What if this was his plan, all along? To pretend to be friendly, to distract me so much that I’d forget about the revote—telling me he likes me would be the perfect way to do that—

STOP.

STOP.

STOP.

I press my hands to my face. I can’t believe I even had that thought. Forrest wouldn’t do something that awful.

Are you sure?whispers a voice in my head.

“That’s not real,” I say into the quiet of the empty house. “It’s not happening. That’s not real. It’s not happening. That’s not real. It’s not happening.”

I glance at the clock. If I don’t leave now, I’ll be late.

I push the bubbling thoughts and images down and head to the train station, arriving on the platform with a few minutes to spare. I zone out, staring down onto the tracks. They’re made of concrete, a cylinder scooped down into the ground below the edge of the platform, two metal railings running side by side down its length and disappearing into the tunnel at either end. I shuffle my feet forward, lining them up at the edge of the yellow strip that marks the nostanding zone. It would be so easy to jump in front of the train when it arrives.

I frown. Why did I think that? I don’t want to do ...that.

Do I?

A breeze picks up, and I peer down the tunnel to see the approaching train. I could jump, right now.

“No,” I say, and step back, then look around. Nobody heard that, right? Me talking to myself in public?

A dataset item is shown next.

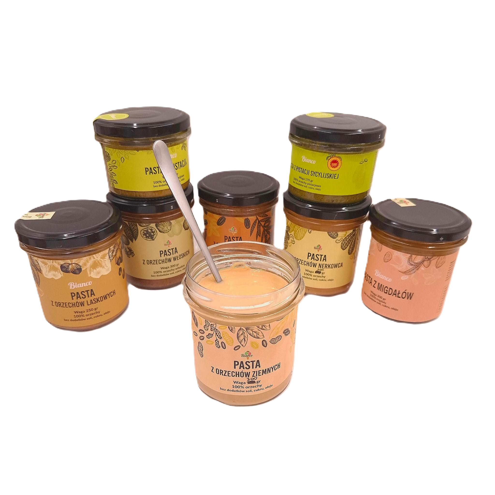 Rzemieślnicza pasta o kremowej konsystencji i wyrazistym, naturalnym smaku prażonych orzechów ziemnych. Powstaje wyłącznie z wyselekcjonowanych orzechów, bez dodatku soli, cukru i olejów. Dla tych, którzy cenią czystą prostotę i głębię naturalnego smaku.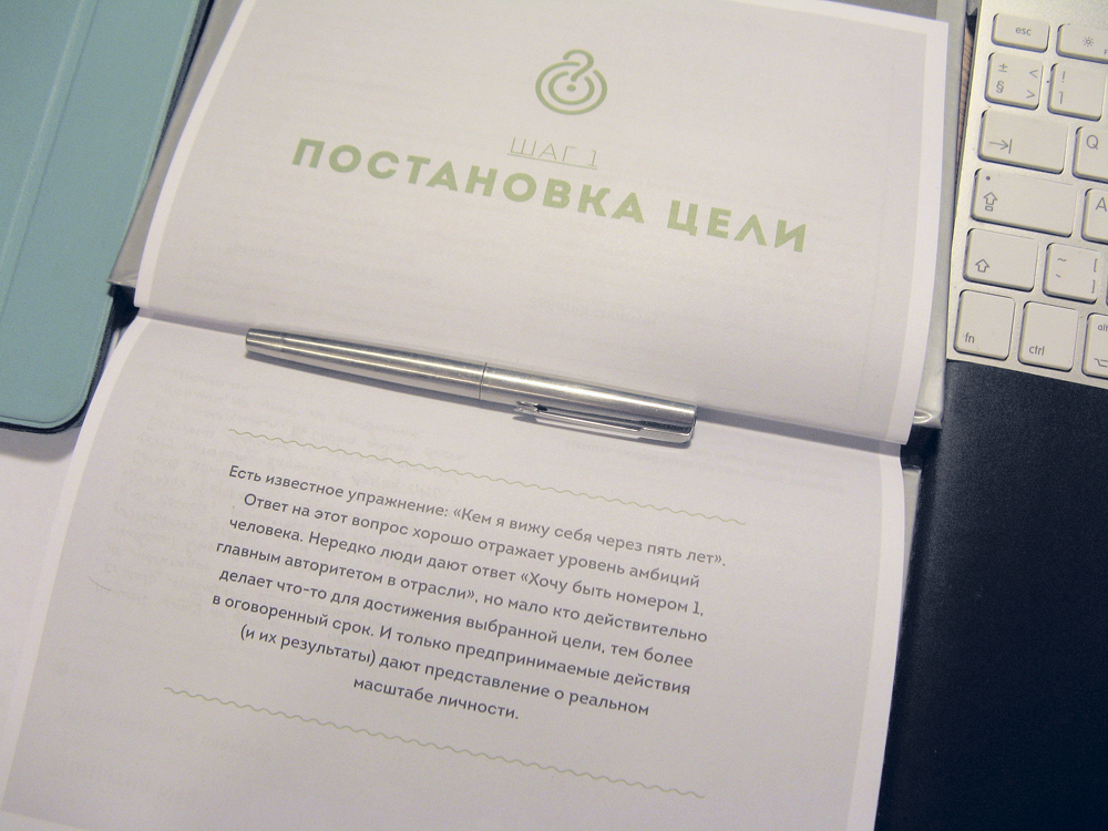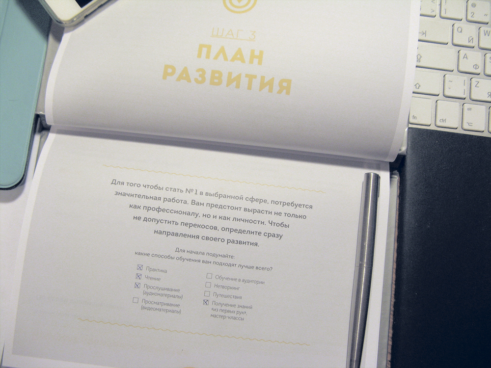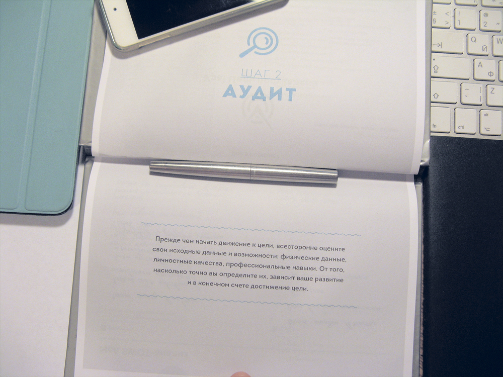 Еженедельник разбит на пять разделов (они называются "Шагами"). Первые два шага позволяют основательно покопаться в себе.

No one’s noticed me, and the train pulls up, its doors opening right in front of me. I move into it in a daze, finding an open seat and sliding over to sit by the window.

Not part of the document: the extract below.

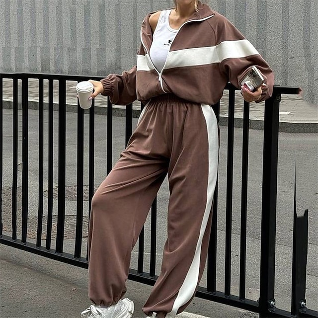 Damskie Dres Bluza Komplet sportowy Kieszeń Kolorowy blok Zestawy odzież Jesień Zima Biały Burgundowy Siłownia Trening Sportowy Keep Warm Odporność na wiatr Miękka Długi rękaw Sport Odzież sportowa #17861176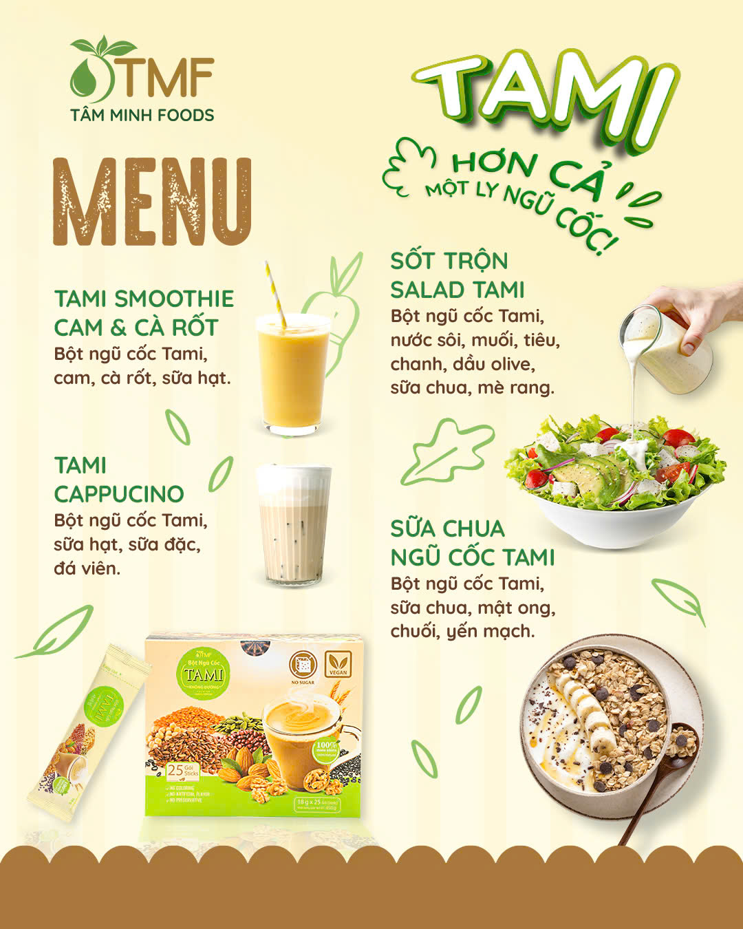 | Thành phần | Gạo lứt nảy mầm, đậu đỏ nảy mầm, đậu gà nảy mầm, đậu đen xanh lòng, hạt bí, đậu lăng, yến mạch, óc chó, hạnh nhân. |

Why did I think that? I don’t want to jump in front of a train, I don’t want to die, I don’t want to...

Do I?

Why would I think that, if I didn’t secretly want to? When you’re suicidal, you think about dying. You thinkabout the ways it could happen, the ways you could do it. Like jumping in front of a train. It’s weird, how easy it would be. I never really thought about that.

If I haven’t thought about it before, maybe I’m not suicidal. But people don’t just have thoughts like that for no reason. Imagine if someone asked me what I was thinking in that moment. “Oh, nothing, just picturing killing myself!” That’s not normal. Fear flickers inside me, like kindling catching a spark.

I close my eyes. I’ll imagine it again, see how it feels, me on the edge of the platform as the train thunders out of the tunnel like a bullet from a gun, stepping forward, off the edge—

My eyes snap open and I pull in my shoulders, tensing my body, the image still playing like a hologram in my mind as I stare out the window into the concrete darkness. I don’t want it, I don’t want it, I don’t want it, I don’t want it, I don’t want it—if I don’t want it, I can’t be suicidal. If I was, then I’d want it.